Author interview

'The dramatic potential of weddings is obvious'

Tom Lee must be a happy man. His debut collection of short stories, intriguingly entitled Greenfly, has just been published in hardback (no less) by Harvill Secker (no less).

‘Yes, I’m very pleased,’ he said. ‘The situation for short stories is still not good. I have been labouring at it a long time so it is exciting to see the final result. And Harvill have done a beautiful job on it (in my opinion).’

Lee admires the writing of Peter Carey, Ian McEwan (particularly the early stories) and ‘a lot of Americans’ – Flannery O’Connor, Tobias Wolff, John Cheever.

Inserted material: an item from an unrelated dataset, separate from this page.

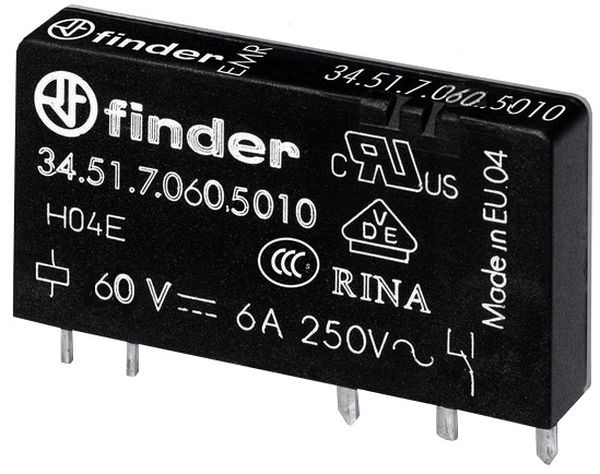 Schmales Steck-/Printrelais 1 Wechsler für 6 A/250 V AC, Kontaktmaterial AgNi-hartvergoldet, Spulendaten 60 V DC, 0,170 W, 19700 Ohm, Relaisschutzart: RT II

Salinger’s Nine Stories ‘completely blew my head off’, and ‘you can’t beat Chekhov, Mansfield, Maupassant etc.’

Despite these influences, Lee’s stories have a voice of their own and unfold in a rich variety of settings and decades: a dusty Latin American-seeming border town; Denver, Colorado; contemporary Britain and Berlin; an unnamed island atoll. Given that the stories were written over a long period of time (half of them originally appeared in magazines or anthologies),  I wondered whether this reflected Lee’s specific interests at specific times, or his more general interest in writing about different subjects. Or both – or neither.

‘Probably neither!’ he said. ‘There has been no particular method or scheme to it although I am glad that as a whole the collection is diverse in settings and subjects. As you say, they were written over quite a long period, so inevitably they do (in whatever warped way) reflect where I was or what else was going on besides writing.’

Several of the stories comprehensively skewer middle-class pomposity (a by-the-numbers stag night; a dinner party that threatens to go off the rails). Was this intentional? ‘Again, there’s no deliberate plan here – but you’re right, it does seem to be a recurring theme. In a way I think this sort of thing is an easy target but I suppose, as a member of the pompous middle classes, it must represent some kind of self-loathing.’

Weddings come in for some stick as well. ‘I have been to a lot of them over the last five years,’ Lee said, ‘and the dramatic potential is obvious. ‘The Starving Millions’ and ‘The Good Guy’ were written back to back so I must have been particularly obsessed with them at the time. I was best man on one occasion and the high anxiety and neurosis of that definitely fed into ‘The Good Guy’.’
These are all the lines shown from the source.